Creating graphs is an important step in exploratory analysis, and one of the first stages in data analysis. We can use Matplotlib to construct a variety of analytical graphs that display our data in different ways.

Basic Plots

To represent our data graphically, we can use the Matplotlib library, one of the most used graphics representation software packages. Its documentation can be found at https://matplotlib.org . The section gallery of the Matplotlib site (at https://matplotlib.org/gallery.html ) features a series of examples of charts with code.

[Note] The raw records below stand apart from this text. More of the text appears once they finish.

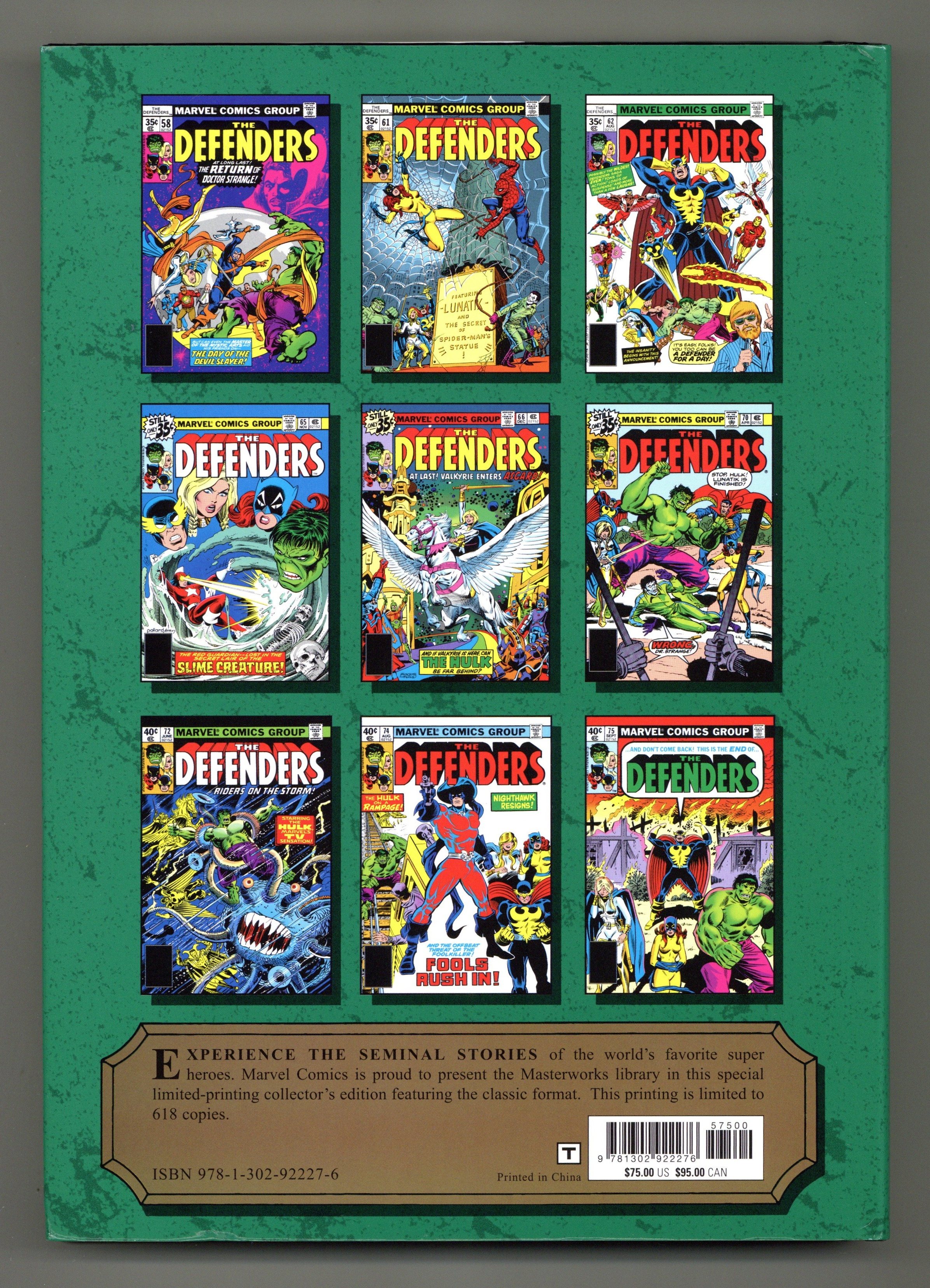 Volume 295 - 1st printing. "The Defenders: Book 7!" Collects The Defenders (1972-1986 1st Series) #58-75 and Marvel Treasury Edition (1974) #16. br>
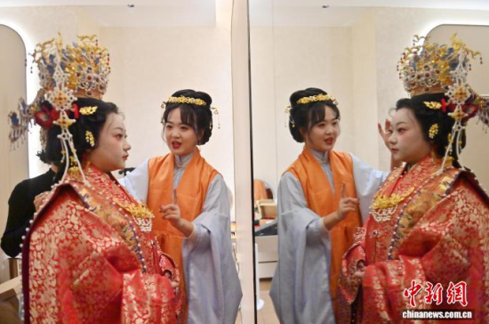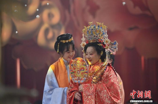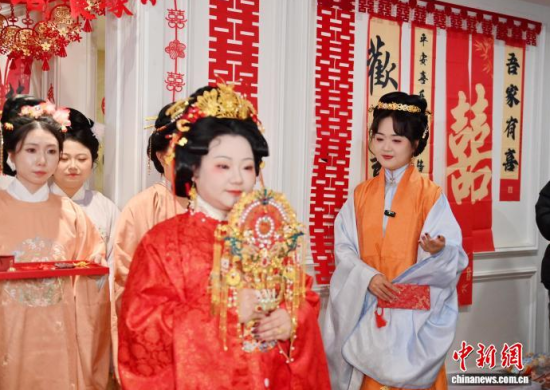 1月9日,吉林長(zhǎng)春,任鴻洋(右)手持熏香入場(chǎng)。長(zhǎng)春“00后”女孩任鴻洋是一位漢服愛好者,出于對(duì)傳統(tǒng)文化的熱愛,她成為一名執(zhí)禮喜娘。她已為50多對(duì)新人舉辦中式婚禮,通過優(yōu)雅的古典儀式,不僅推廣傳統(tǒng)婚俗,更致力于傳播漢服文化。她希望以年輕的方式,讓千年“中式浪漫”在現(xiàn)代生活中煥發(fā)新光彩。中新社記者 張瑤 攝
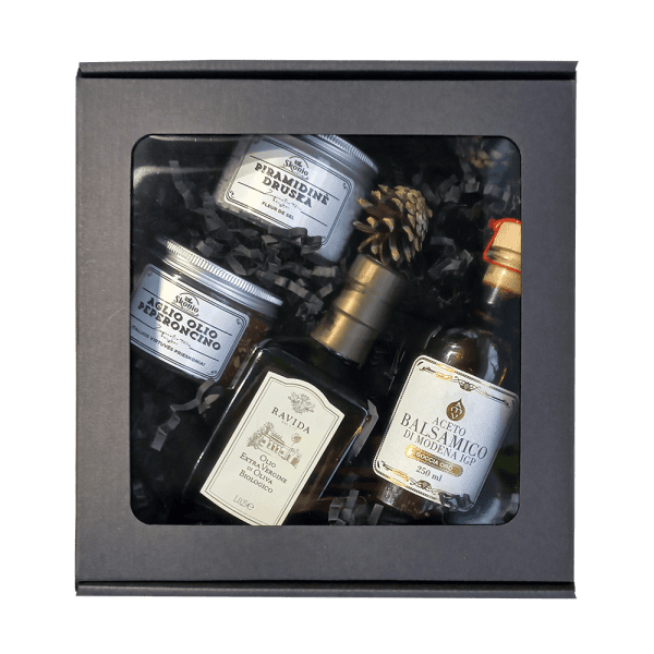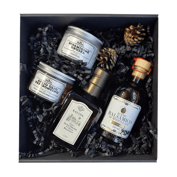 Dovanų rinkinys su RAVIDA aukščiausios klasės ekologišku aliejumi, MODENA balzaminiu actu bei įvairias prieskoniais.
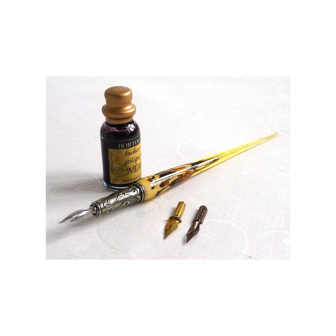 Foglia d'oro e set di penne di vetro. Un set di penne calligrafiche, finemente realizzato a mano, che comprende una penna di vetro di Murano con fiocchi di foglia d'oro, tre penne e una bottiglia di inchiostro. Disponibile in una gamma di colori meravigliosi. Made in Italy by Bortoletti Fonderia Artistica.
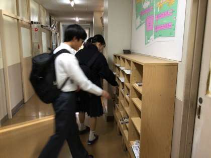 8時に昇降口が開いて教室に向かう生徒たち。集配物の係の生徒たちは、登校してくるとすぐに職員室前の集配物の棚に寄って学級の棚に入っているものを持っていきます。
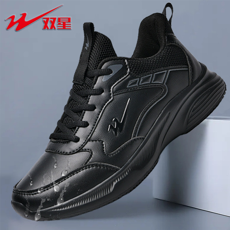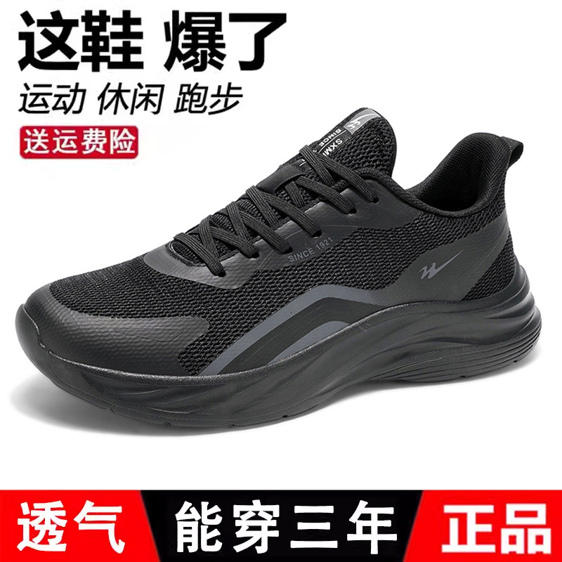 双星鞋子男式正品运动鞋新款男士官方黑色休闲防滑中年爸爸跑步鞋

Matplotlib is installed with Anaconda, so we have to import it.
# we import the Matplotlib library
>>> import matplotlib as mlp
>>> import matplotlib.pyplot as plt
>>> %matplotlib inline
# this last line of code allows us to view the charts directly using Jupyter
We can represent elements by inserting them directly into the function, in the form of a list. The following code produces the plot in the Figure 10-1.
../images/469457_1_En_10_Chapter/469457_1_En_10_Fig1_HTML.jpg
Figure 10-1

A plotted list

>>> plt.plot([5,7,2,4])
>>> plt.plot([5,7,2,4], [4,6,9,2], 'ro')
# 'ro' stands for round object
The plot of round objects is shown in Figure 10-2.
../images/469457_1_En_10_Chapter/469457_1_En_10_Fig2_HTML.jpg
Figure 10-2

A plotted list of round objects

As shown in Figure 10-1, we can create a line. But, we can also customize color and type of representation by modifying arguments.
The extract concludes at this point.